Work item:
Keep the images out while you set down the data exactly.

Provided data:
________
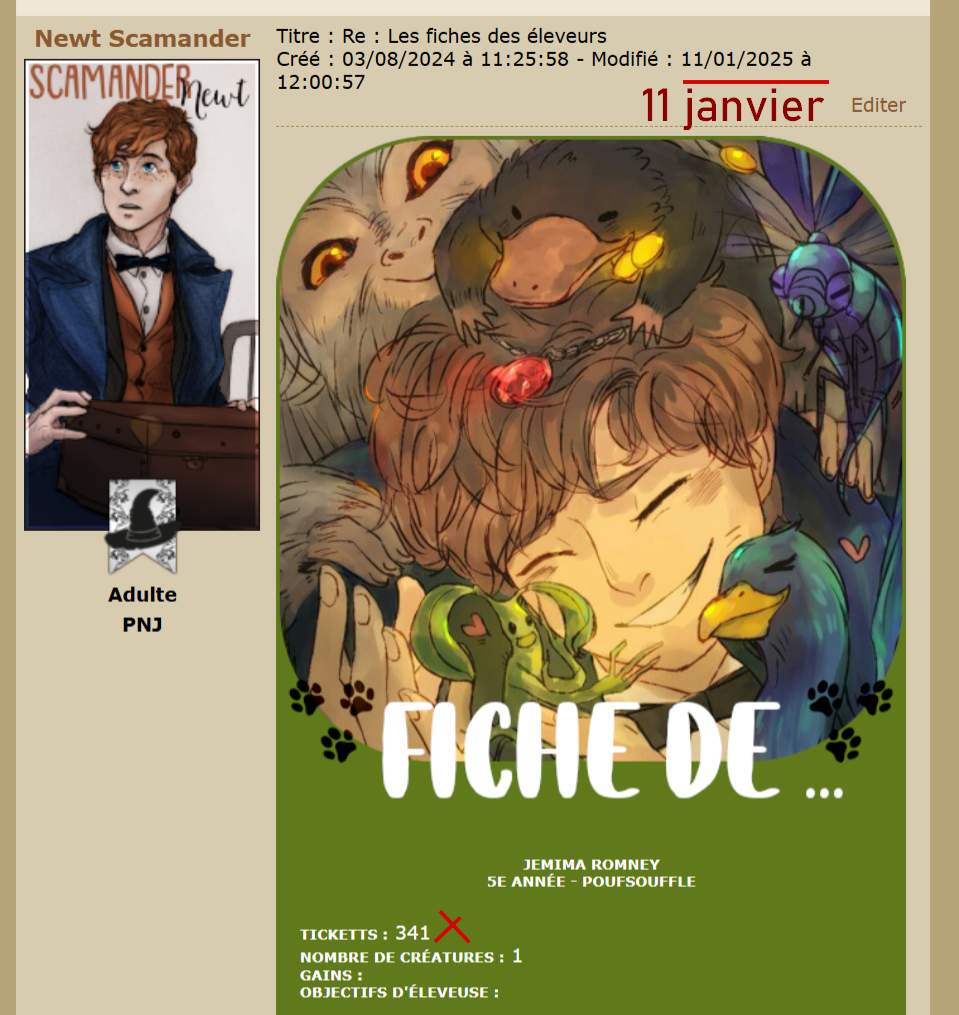 Magizoologiste Serveur Rédacteur ![]() ![]() Adulte
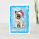 Envie Cartões de natal com esta carta de um filhote de Elkhound norueguês vestindo um chapéu de Papai Noel em meio a flocos de neve e as palavras, Feliz Feliz Howlidays! Excelente para a família e amigos que amam elkhound. Feliz Howlidays!
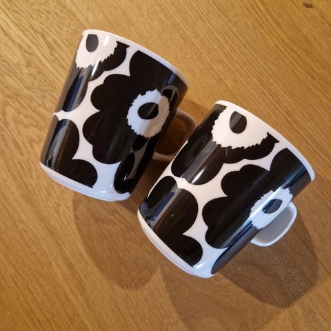 Myydään 2 x 2,5 dl mukeja sekä 2 kpl 20cm lautasia. Hinta yht. 65€.
________
Result of this exercise:
 Magizoologiste Serveur Rédacteur ![]() ![]() Adulte
 Envie Cartões de natal com esta carta de um filhote de Elkhound norueguês vestindo um chapéu de Papai Noel em meio a flocos de neve e as palavras, Feliz Feliz Howlidays! Excelente para a família e amigos que amam elkhound. Feliz Howlidays!
 Myydään 2 x 2,5 dl mukeja sekä 2 kpl 20cm lautasia. Hinta yht. 65€.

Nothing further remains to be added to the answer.